Here you will find some util scripts useful for comparative genomics analysis.
- Obtaining the core and pangenome from genomes assemblies wiht pan_core_matrix.annotated.sh.
-Pipeline uses external dependencies:
Prokka (https://github.com/tseemann/prokka). It uses prokka for local gen prediction and annotation.
get_homologues (https://github.com/eead-csic-compbio/get_homologues). It uses get_homologues for orthologs obtaining and comparison for getting core and pan-genome matrices.

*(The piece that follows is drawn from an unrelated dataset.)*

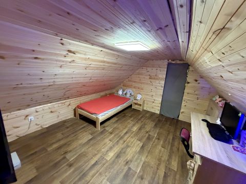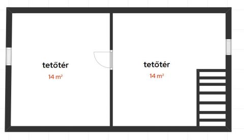 A házba belépve az előszobába lépünk, ahonnan nyílik a konyha, melyből lépcső visz fel a tetőtérbe, mely 2 szobát rejt.Az alsó szinten egy szobába lépünk az előszobából, melyből nyílik a nappali és egy fürdő/wc,
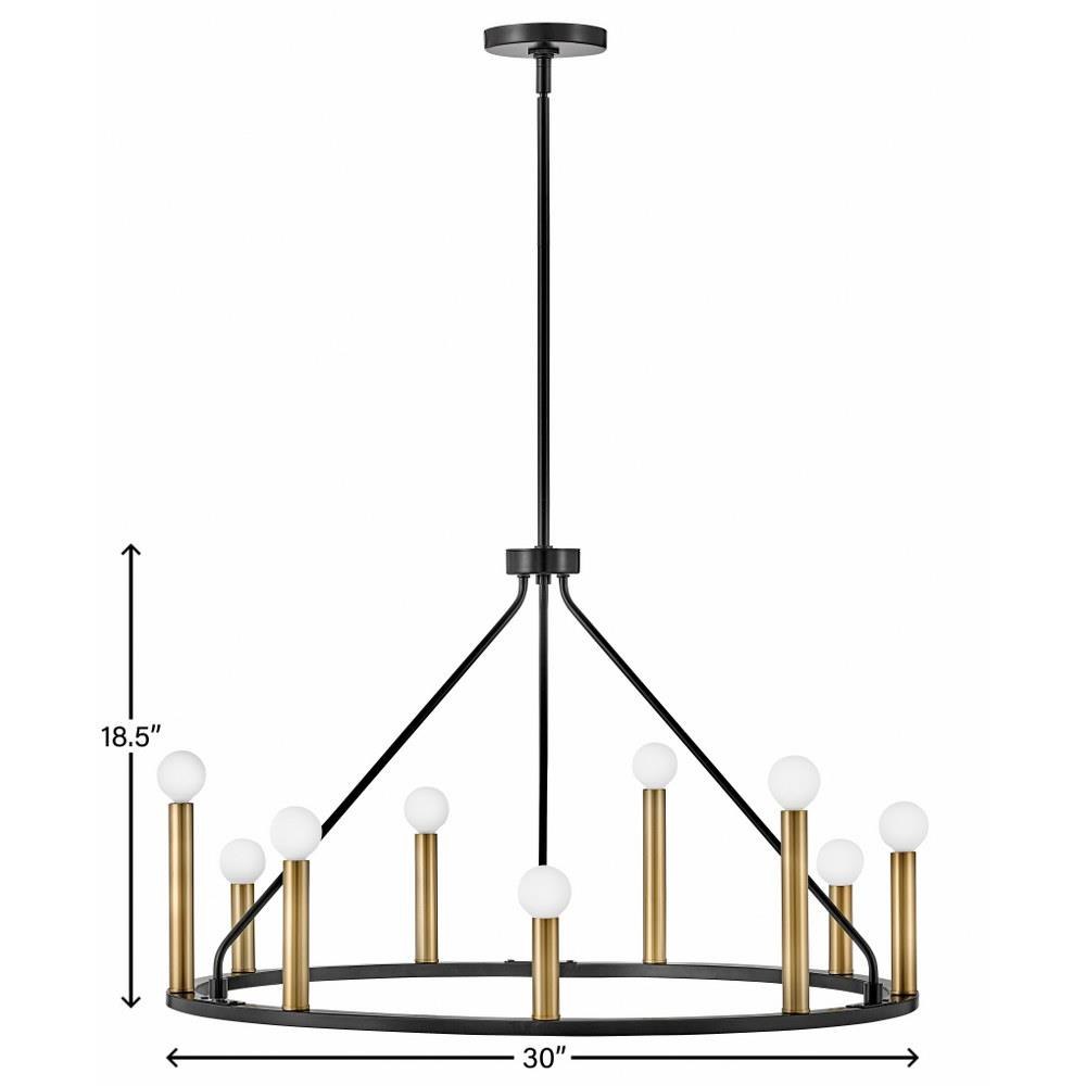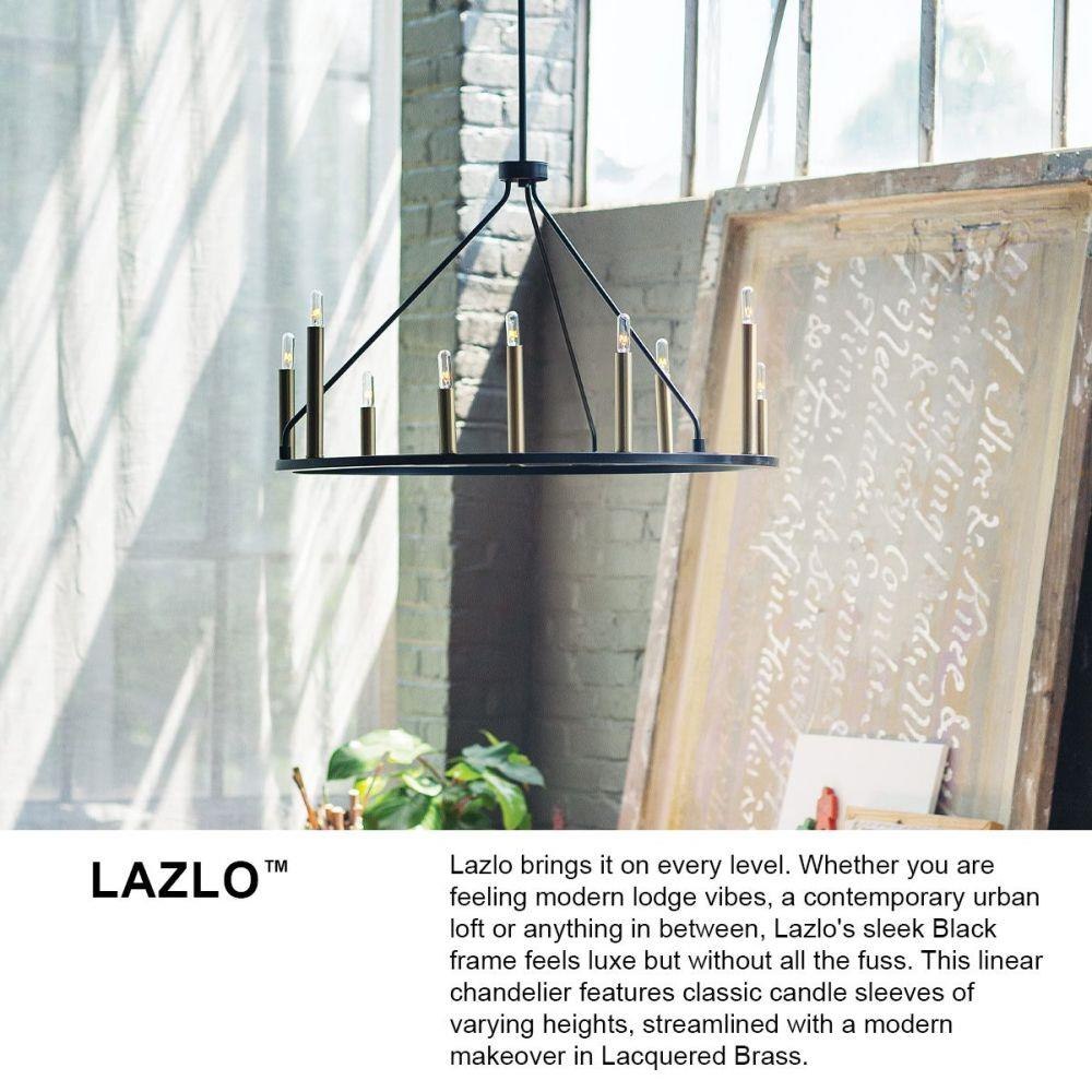 Lazlo brings it on every level. Whether you are feeling modern lodge vibes, a contemporary urban loft or anything in between, Lazlo’s sleek Black frame feels luxe but without all the fuss. This 9-light round chandelier features classic candle sleeves of varying heights, streamlined with a modern makeover in Lacquered Brass.

Make sure that these programs are installed and are in your system's executable search path. To test, in a terminal type:
prokka -h
get_homologues.pl -h
Running:
Download Comparative_genomics
git clone https://github.com/avera1988/Comparative_genomics.git
Make executable all scripts
cd Comparative_genomics/scripts
chmod +x *.*
Obtaining core and pangenome matrix:
./pan_core_matrix.annotated.sh
usage: ./pan_core_matrix.annotated.sh extention_file num_cpus path_to_comparative_genomics_scripts
This will result in a folder with all core genome genes from analyzed genomes.
- Average Aminoacid Identity (AAI) Matrix using sigle copy orthologous genes.
-External dependencies
enveomics/aai.rb (https://github.com/lmrodriguezr/enveomics) For AAI pairwise comparisson.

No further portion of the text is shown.